Required work:
Quote every line of the data below as it stands, omitting pictures.

Records supplied:
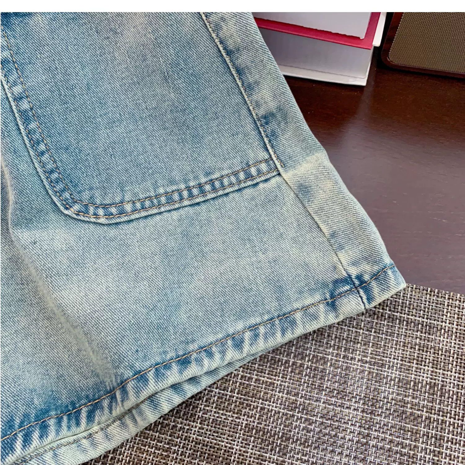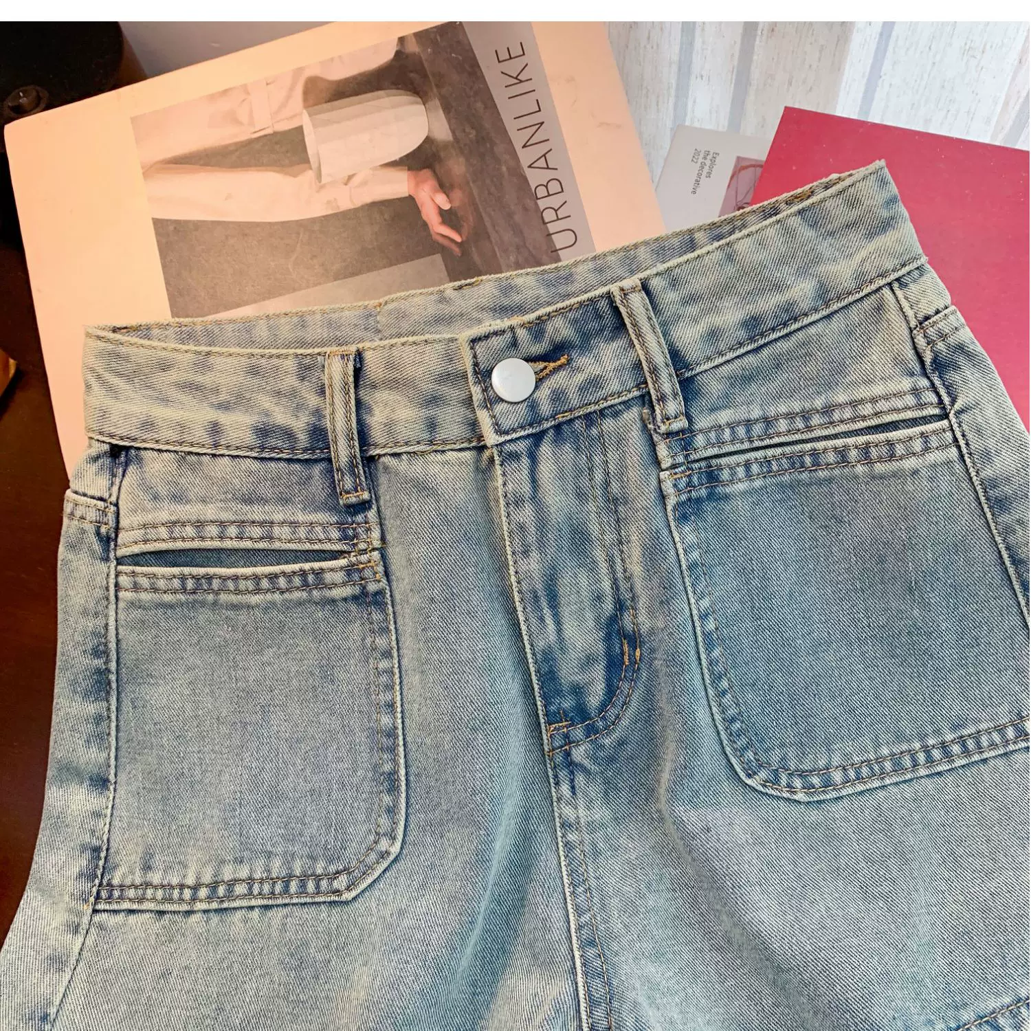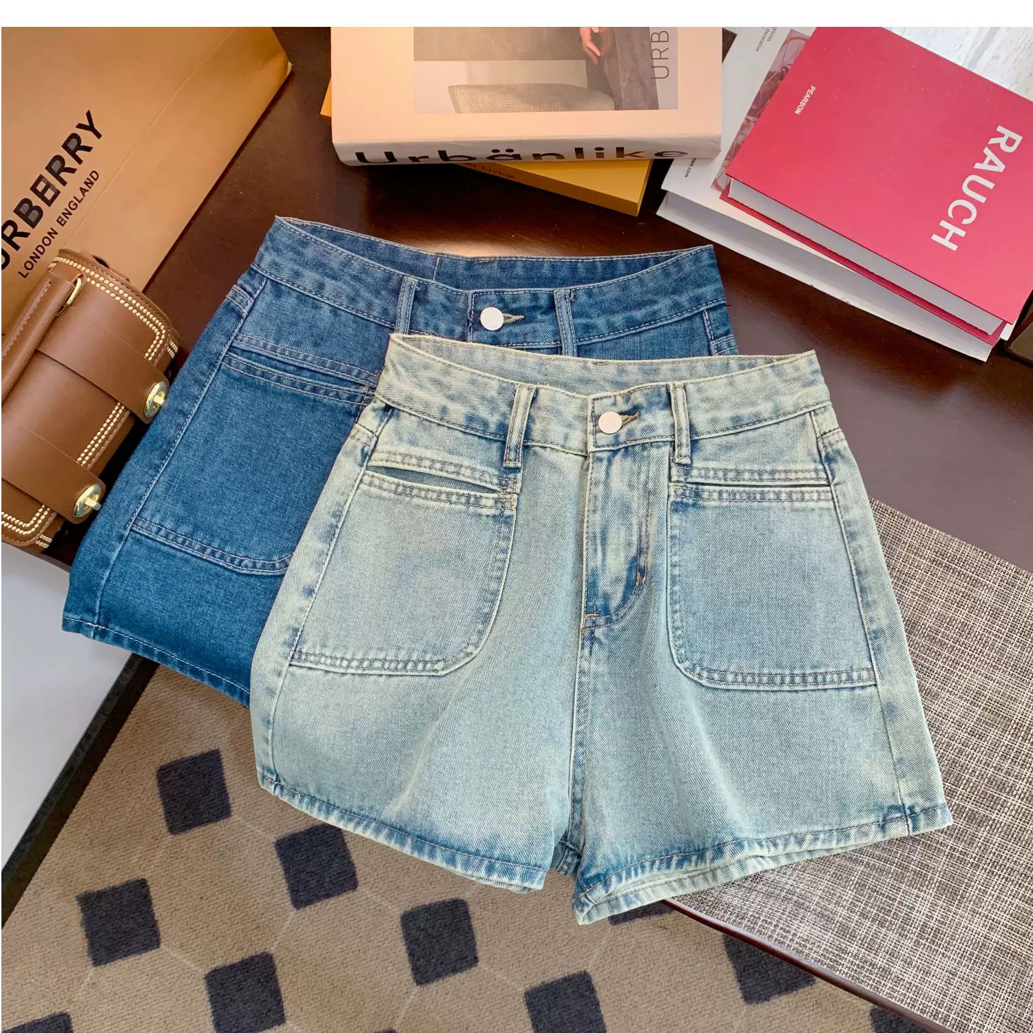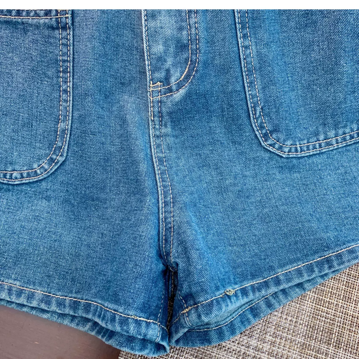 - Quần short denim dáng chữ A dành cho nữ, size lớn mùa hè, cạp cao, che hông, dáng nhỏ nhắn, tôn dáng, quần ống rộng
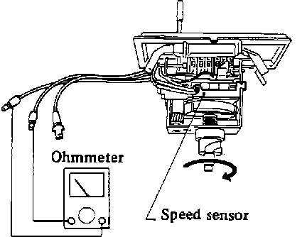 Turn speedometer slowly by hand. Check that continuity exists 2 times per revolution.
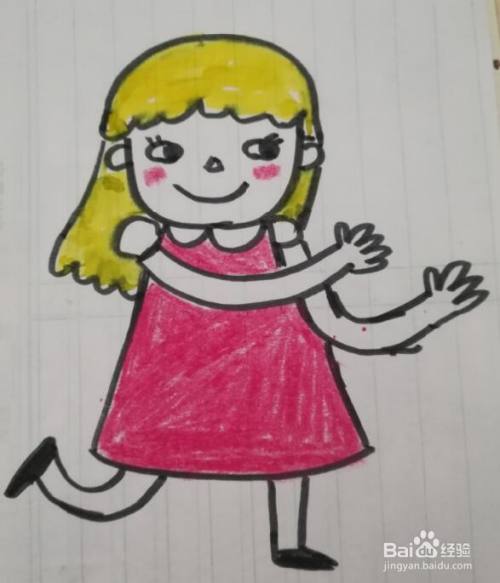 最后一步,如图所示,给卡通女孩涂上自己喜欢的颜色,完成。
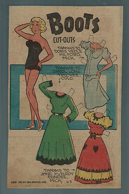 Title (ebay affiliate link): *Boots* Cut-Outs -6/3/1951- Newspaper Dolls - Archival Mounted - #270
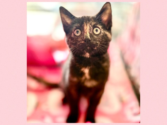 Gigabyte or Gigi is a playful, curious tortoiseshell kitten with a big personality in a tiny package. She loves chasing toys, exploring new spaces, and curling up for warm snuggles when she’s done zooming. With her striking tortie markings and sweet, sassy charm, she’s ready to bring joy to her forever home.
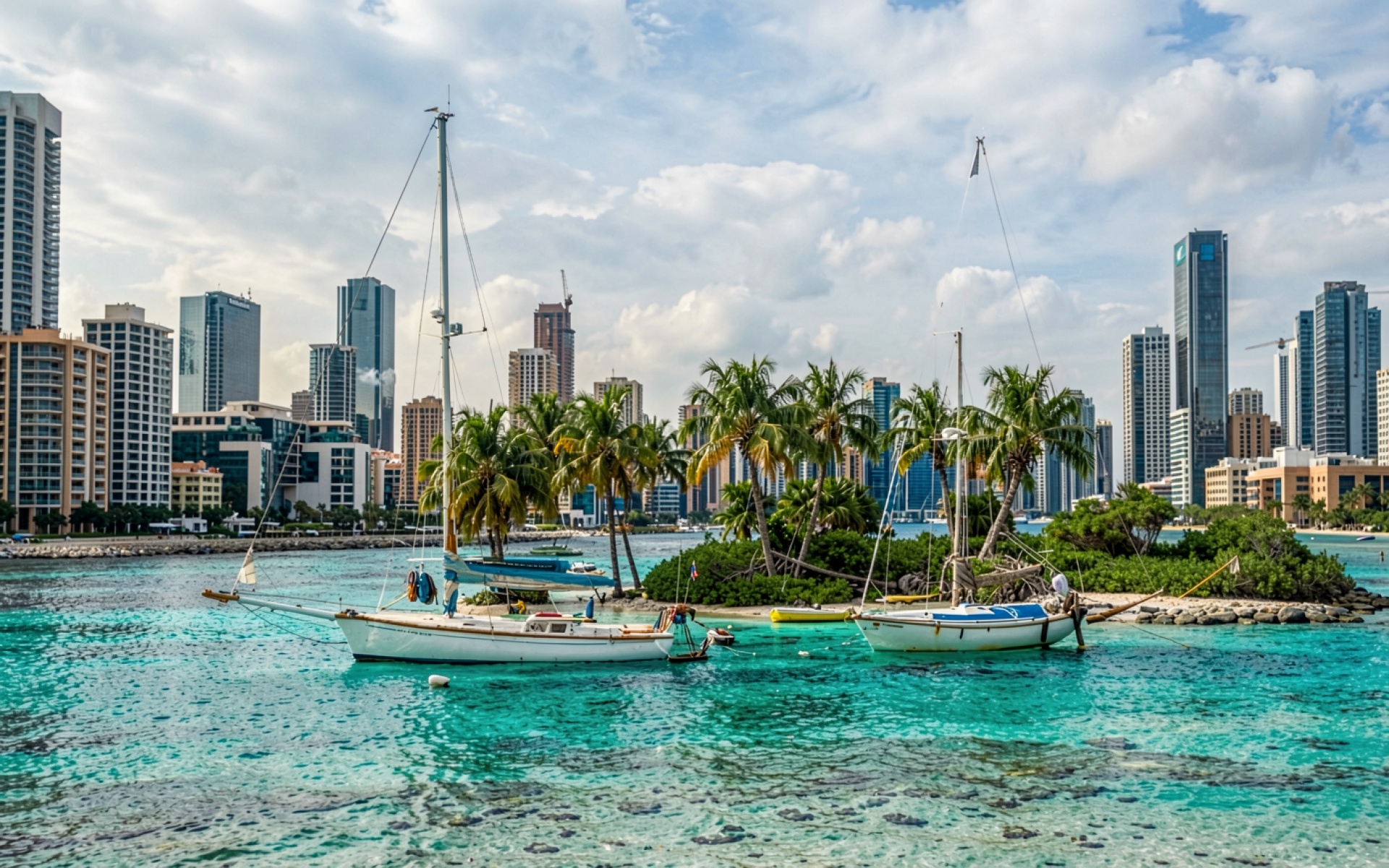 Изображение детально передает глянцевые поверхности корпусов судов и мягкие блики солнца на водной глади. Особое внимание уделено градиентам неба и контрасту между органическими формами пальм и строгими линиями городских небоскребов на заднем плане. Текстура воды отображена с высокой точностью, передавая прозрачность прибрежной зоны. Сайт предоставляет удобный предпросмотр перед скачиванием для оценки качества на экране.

Your response:
 - Quần short denim dáng chữ A dành cho nữ, size lớn mùa hè, cạp cao, che hông, dáng nhỏ nhắn, tôn dáng, quần ống rộng
 Turn speedometer slowly by hand. Check that continuity exists 2 times per revolution.
 最后一步,如图所示,给卡通女孩涂上自己喜欢的颜色,完成。
 Title (ebay affiliate link): *Boots* Cut-Outs -6/3/1951- Newspaper Dolls - Archival Mounted - #270
 Gigabyte or Gigi is a playful, curious tortoiseshell kitten with a big personality in a tiny package. She loves chasing toys, exploring new spaces, and curling up for warm snuggles when she’s done zooming. With her striking tortie markings and sweet, sassy charm, she’s ready to bring joy to her forever home.
 Изображение детально передает глянцевые поверхности корпусов судов и мягкие блики солнца на водной глади. Особое внимание уделено градиентам неба и контрасту между органическими формами пальм и строгими линиями городских небоскребов на заднем плане. Текстура воды отображена с высокой точностью, передавая прозрачность прибрежной зоны. Сайт предоставляет удобный предпросмотр перед скачиванием для оценки качества на экране.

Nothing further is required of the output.